My office generally has 3 interns a semester and, usually, they’re very willing to help in any way they can, regardless of whether or not the project is exciting. That’s not to say there haven’t been times when I regaled my friends with stories of outrageous intern behavior—the intern who would sit at his desk in his wife-beater instead of his suit, the interns who were caught smoking pot during lunch and subsequently dismissed, and the intern who would put his head on his desk after lunch to take a 30-minute nap every day—but those types of interns tend to be the exceptions, not the rule. Our 2009 summer interns are memorable in a different way. Last Thursday was a busy day, as big projects must be completed by June 26th or wait until after the July 4th holiday. There are several projects, one of which is mine, that have been fast-tracked to be finished before the break, and I found out about this last Thursday. Last Thursday also happened to be the annual staff appreciation ice cream social for the three office buildings where I work. So, while others went out to get bowls full of ice cream on a ridiculously hot day, several of us were stuck at our desks in the bull pen. Our amazing interns, though, brought ice cream back to the office for those of us who were missing the social, and they brought back enough for us to have flavor options! That, combined with the significant progress I made on my work project, left me feeling like Thursday was an auspicious day.

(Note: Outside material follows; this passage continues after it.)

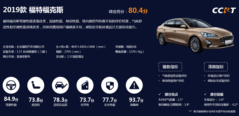 福特福克斯是8款车型中分值排名第三的车型,综合得分80.4分。除分值较高的故障率外,福克斯只有驾驶性能超过了80分,并且达到了不错的成绩,这也主要归功于它运动化底盘的调校,与较强的动力。此外,在舒适性、经济性的表现上不太理想;造型及品质、安全性能则是中规中矩的表现。

Since I was so lucky, I thought it was the perfect day to try the 2006 Clos Du Bois Calcaire Chardonnay (winery, snooth) from the Russian River Valley. Generally, I’m not a Clos Du Bois fan, even though I feel like I should like the wine, but this wine was given to me by a friend so, I was hoping that the luck from the rest of my day would continue into the evening. Plus, with The Wine Spectator describing the wine as “elegant, refined and focused,” I thought this might be the wine to change my mind about Clos Du Bois.
The 2006 Clos Du Bois Calcaire is 100% Chardonnay grapes and was aged in French oak. The French oak made the wine lighter and less complex than the oaky 2005 Robert Mondavi Chardonnay, but gave it more body than the unoaked 2007 Domaine Nathalie & Gilles Fèvre Chablis. The wine was a medium yellow with slow forming legs. On the nose, I initially found green apple, lemon, ginger, and a light toasty-oakiness. The more the wine breathed, though, the more it developed boozy aromas that overpowered the fruit scents. In the mouth, I found green apple, lime, and ginger, which had perfumey undertones that became more pronounced and overpowering as the wine breathed.
Is this worth a glass after work? This is a hard question to answer because on Night 1 the wine was just “eh”, but by Night 2, it was almost undrinkable. Some Internet searching shows the average price to be around $24. At that price, it’s not worth dirtying a perfectly clean wine glass. When drinking the wine on its own didn’t work, I tried to pair it with pan-seared shrimp in chipotle sauce from Cooking for Two: 2009, The Year’s Best Recipes Cut Down to Size. Unfortunately, that didn’t make the wine any better. The best I can say for the 2006 Clos Du Bois Calcaire is that it tasted more like drinking a watered down Bourbon than it did like drinking a Chardonnay, but that was just not working for me.